Uma hipótese é a de que esses oceanos possam reunir condições para dar origem a moléculas orgânicas complexas.  E onde existem moléculas assim pode haver vida.

Além de oceanos, a paisagem lá também tem rios, chuvas de metano e, provavelmente, vulcões. “Acreditamos que existam vulcões ativos lá. Só que, em vez de expelir lava quente, eles ejetam metano e amônia gelados”, diz. Embora ainda não haja provas de que algumas montanhas de Titã sejam mesmo vulcões, Rosaly confia na possibilidade. “Sabemos que essa lua teve vulcões ativos no passado, mas o que existe lá hoje ainda é um mistério”, diz. Os instrumentos das sondas que sobrevoam Titã estão analisando a composição atmosférica mais detalhadamente. “E tem outra coisa: Titã pode nos dar uma ideia de como era a Terra primitiva”, se anima.

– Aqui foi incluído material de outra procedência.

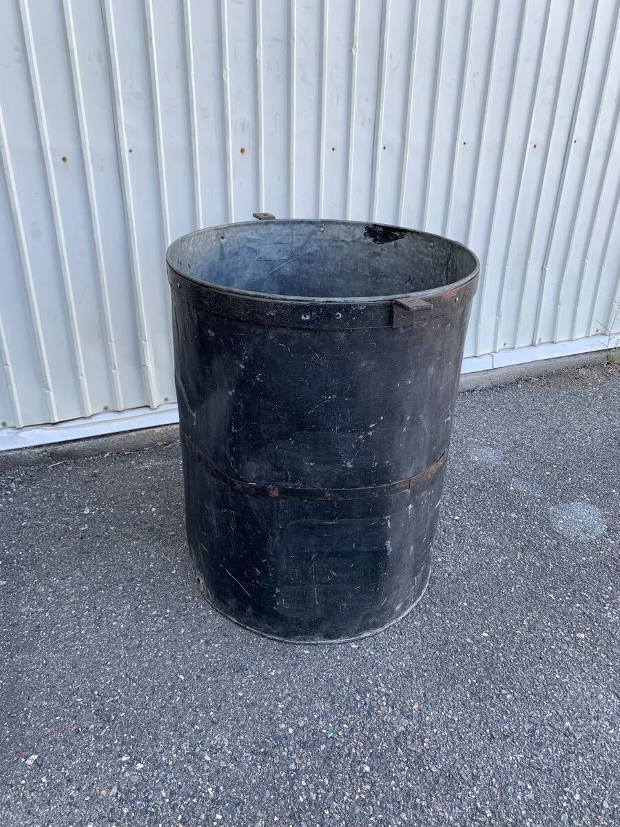 - 経年の雰囲気が素敵な黒く塗られた円形ブリキケース インダストリアル工業系アンティークビンテージ古道具インテリアディスプレイ店舗什器
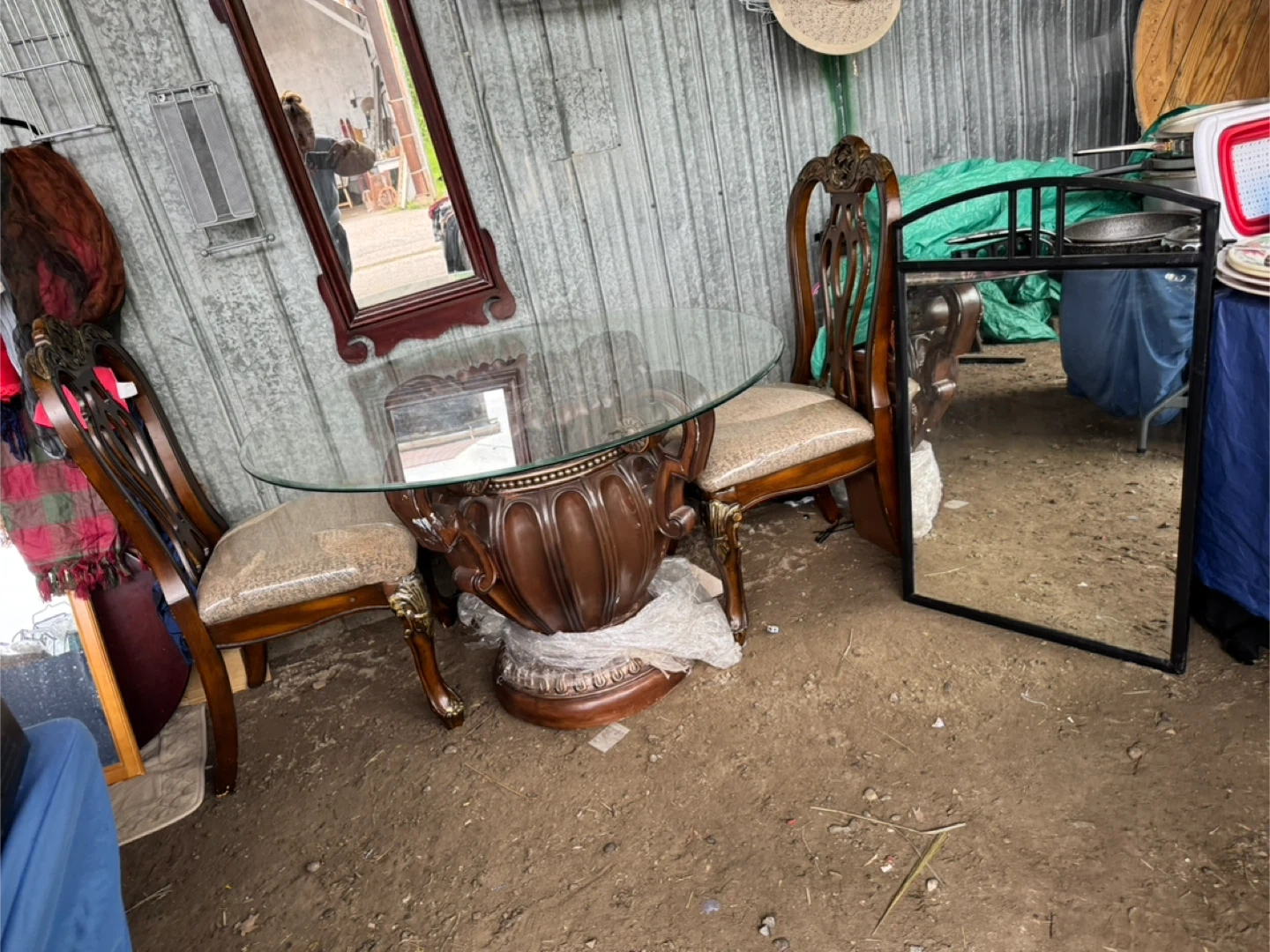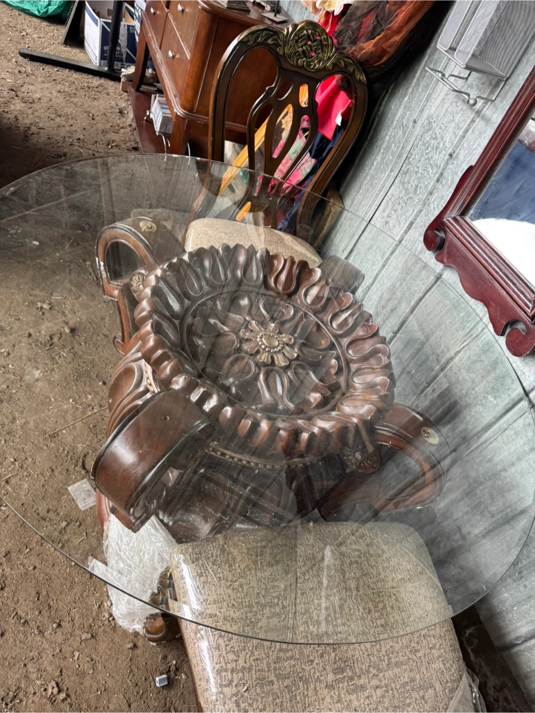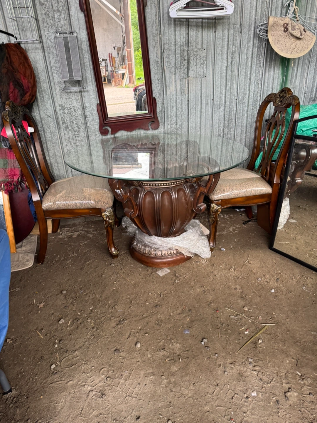 Selling a beautiful glass top dining table with two matching chairs. The table features a unique, ornate base and the chairs have a lovely detailed design. Perfect for adding a touch of elegance to your dining space!
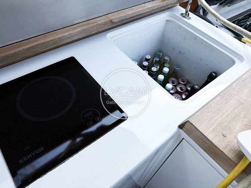 Navigation lights; Navigation lights; Mooring bollards; Electric windlass; Still; Chain; Bow thruster; Cockpit awning; Teak beach; Swim ladder; Teak cockpit; Teak passaside; Cockpit table; aft sundeck cushions; External sink; Frigo (49lt); Icebox; Induction plate; Electric toilet; Service batteries and engines; Battery disconnect; Charger; 220V socket; Parallel; Flagpole; Cockpit speakers; Cockpit shower; Boiler; Boat Hook
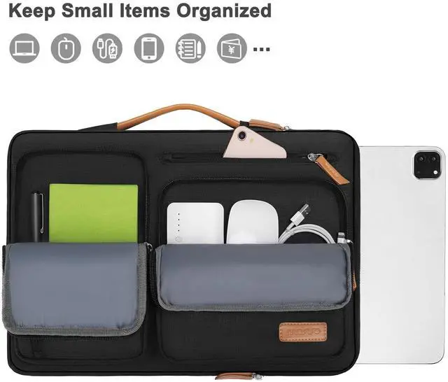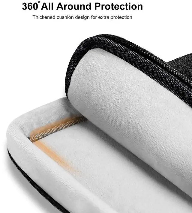 360 degree all around protective reinforced interior edge briefcase carrying case bag protect your tablet from any accidental dropping. Extendable handle design makes it to carry your tablet around in comfort, you can also tuck away the handle. Side opening zipper design, avoid accidental dropping of your tablet while carrying. 4 front zipper pockets provide enough space to keep mouse, earphone, pens and notepads, offering added convenience.
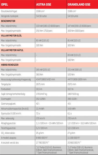 Sovány vigasz, hogy a plug-in hibridek mezőnyében mind az Astra GSe és a Grandland GSe is versenyképes áron szerepel, hiszen abszolút értelemben drágák, a típus alapárának a kétszeresébe kerülnek, és akkor még itt van az otthoni töltés kiépítésének a költsége is – amelyhez az Opel márkakereskedések is nyújtanak segítséget. Utóbbi azoknak fontos, akik tényleg kevés benzint használva szeretnek közlekedni, anélkül legfeljebb annak örülhetnek, hogy a sokkal nagyobb (rendszer)teljesítményért nem kell a benzinkúton felárat fizetni.
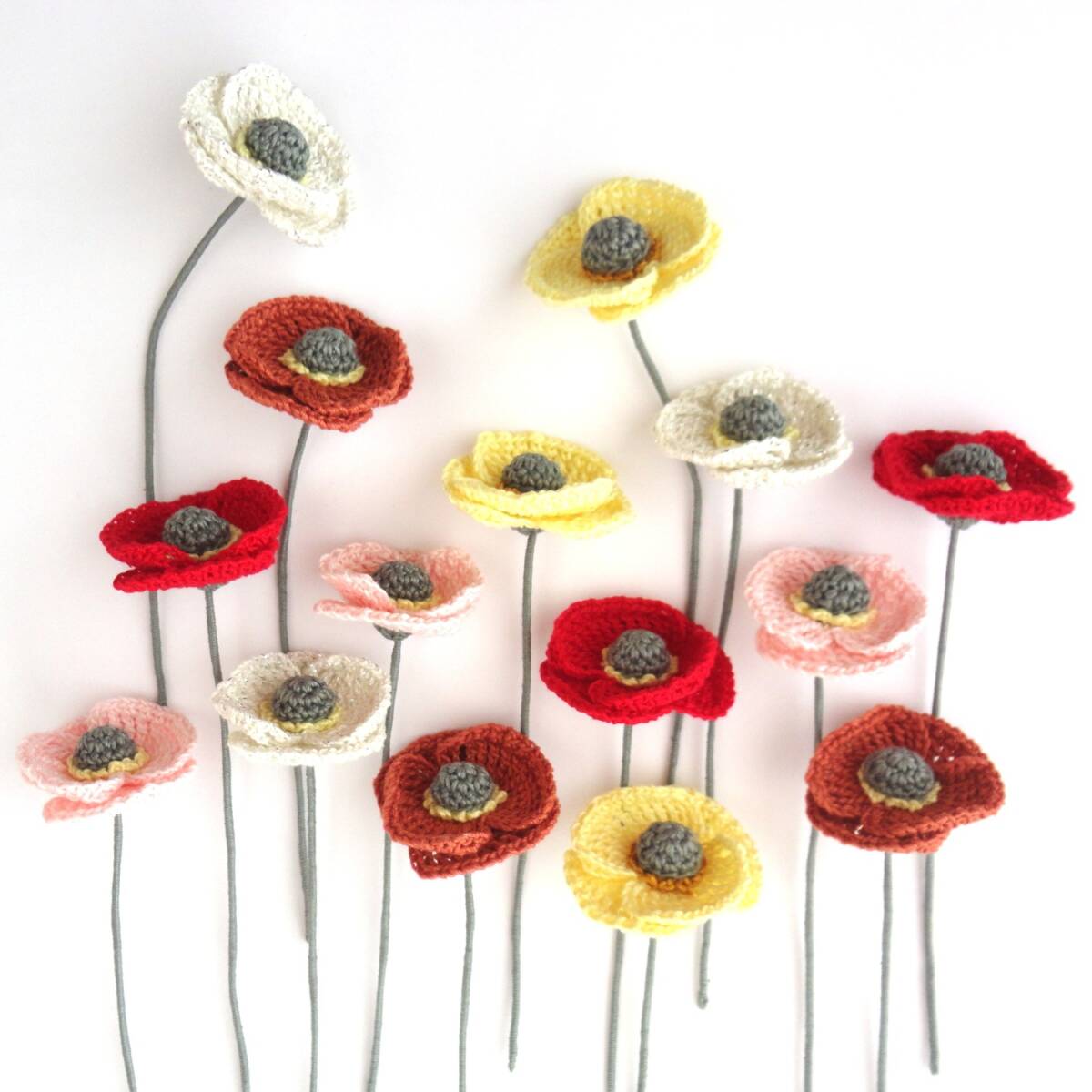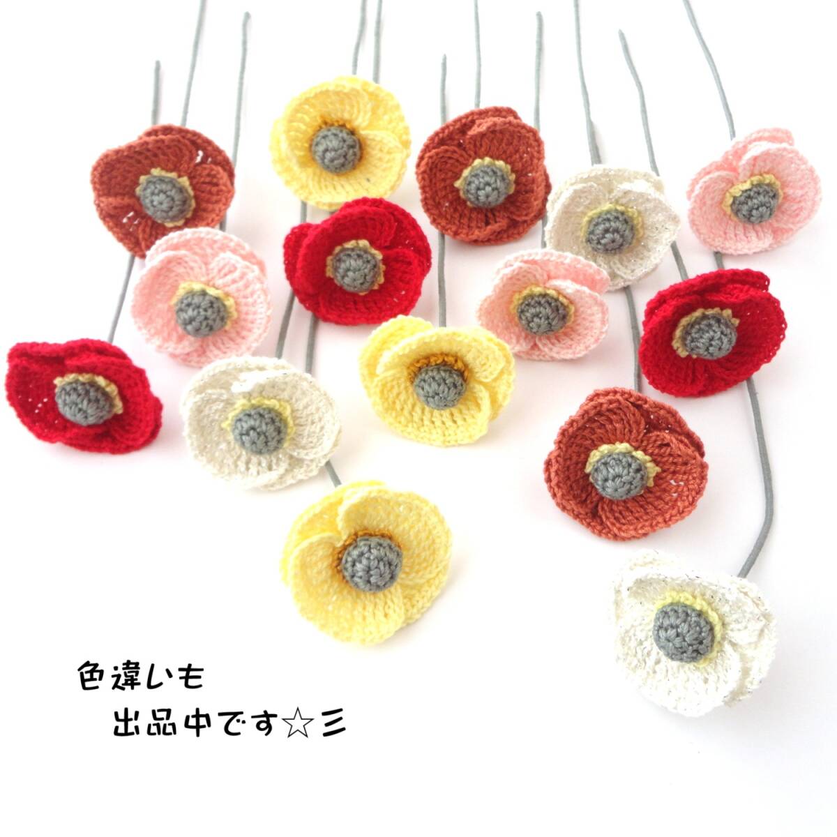 ずっと枯れないお花*ポピー*OR*ワイヤーフラワー*レース編み*ハンドメイド*b788
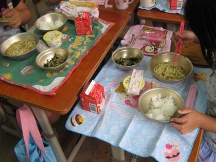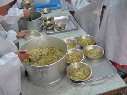 「食器の大きさを間違えたらあかんな。」と言いながら給食室から運んできました。熱いうどんも自分たちでしっかり配膳できています。グループでお話しながら楽しくいただきます!
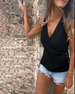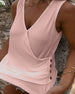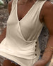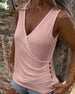 Plisowany solidny swobodny top bez rękawów
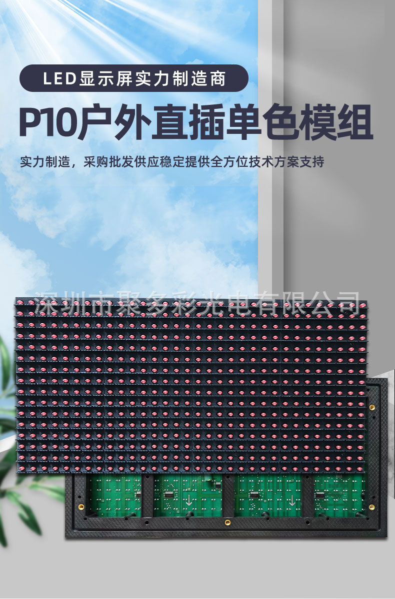 야외 방수 LED 디스플레이 모듈 P10 단색 직접 삽입 유닛 보드 야외 광고 화면 도어 헤드 롤링 스크린
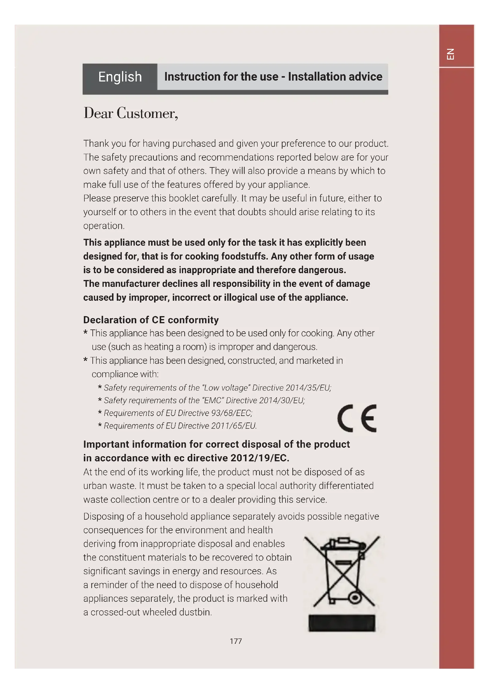 - This appliance has been designed and manufactured in compliance with the applicable standards for the household cooking products and it fulfills all the safety requirements shown in this manual, including those for surface temperatures.
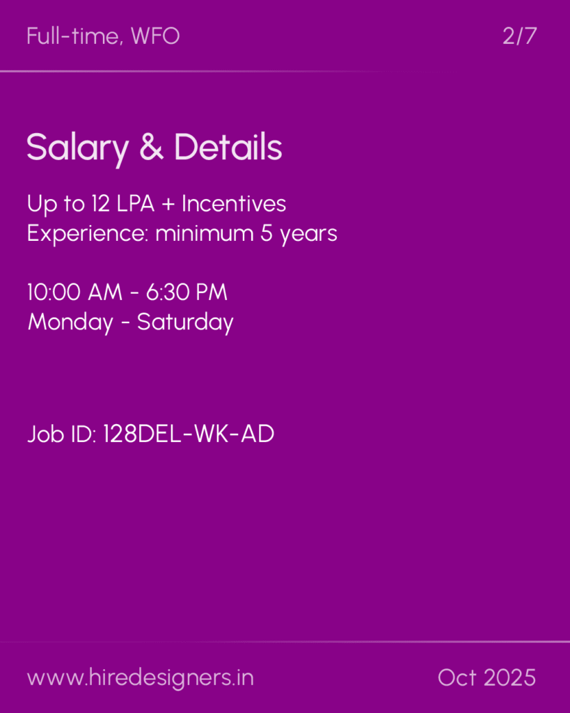 The role demands designing bespoke wardrobes, cabinets, and furniture aligned with the brand’s ethos while ensuring functionality, durability, and precision. Collaboration and innovation are key.
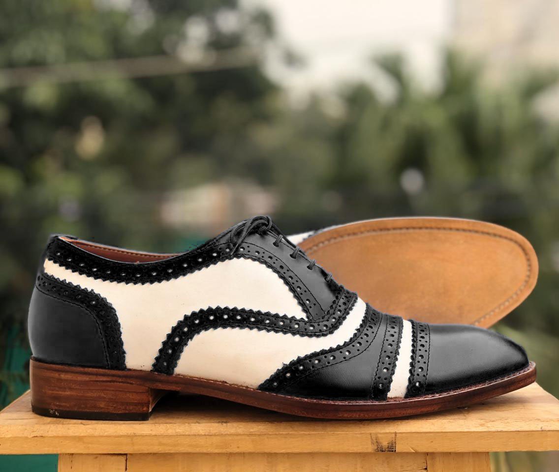 Handmade Black & White Leather Stylish Cap Toe Lace Up Shoes For Men's
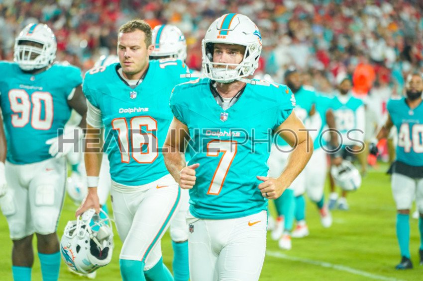Tampa Bay, Florida, USA, August 33, 2024, Miami Dolphins player Jason Sanders #7 at Raymond James Stadium. (Photo Credit: Marty Jean-Louis)
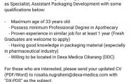 PT Dexa Medica is looking for young professional to join us as Specialist, Assistant Packaging Development with some qualifications below:
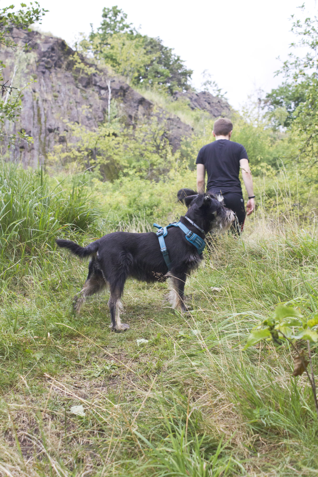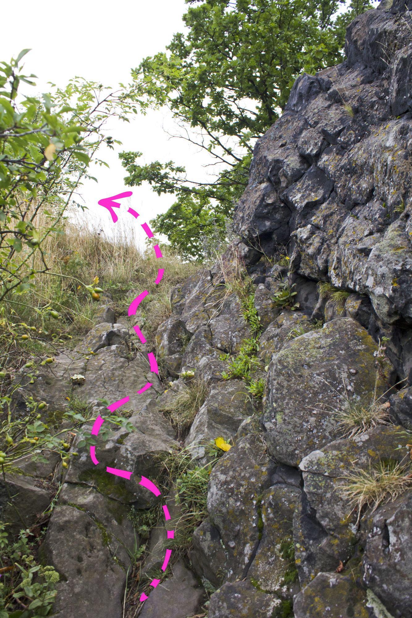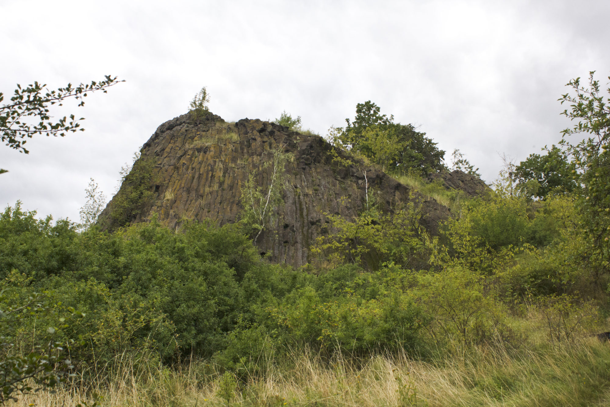 Zaczęliśmy od Czartowskiej Skały, bazaltowej pozostałości po kominie wulkanicznym. Tak, doczytaliśmy przed przyjazdem, bo ja skały rozpoznaję jeszcze gorzej niż drzewa, czyli wiem jak mniej więcej wyglądają te kamulce w pierścionkach, ale już taki sam „dziko żyjący” to dla mnie abstrakcja. Mimo to, pochwalę się – jak już wdrapaliśmy się na Skałę, nie dało się nie zauważyć tych takich pionowych cosiek, które wg wszelkiego tentegowania są właśnie bazaltami 🙂

Descobrir se Titã é geologicamente ativa foi um fator que levou a Nasa a estender a missão Cassini, prevista para terminar em 2008, até 2017 – em setembro, a sonda foi desligada para mergulhar e se desintegrar em Saturno. Mais recentemente, Rosaly estava dedicada à missão Cassini. “Ainda vamos trabalhar com os dados coletados pela sonda por um bom tempo. Não sabemos qual é a composição química exata do solo de Titã e a geologia do satélite precisa ser mais estudada, com imagens de maior resolução”, explica enquanto aguarda, para o fim de 2017, uma resposta da Nasa sobre seu projeto para buscar vida na lua de Saturno: mais um mundo sorrindo e se enchendo de graça para Rosaly passar.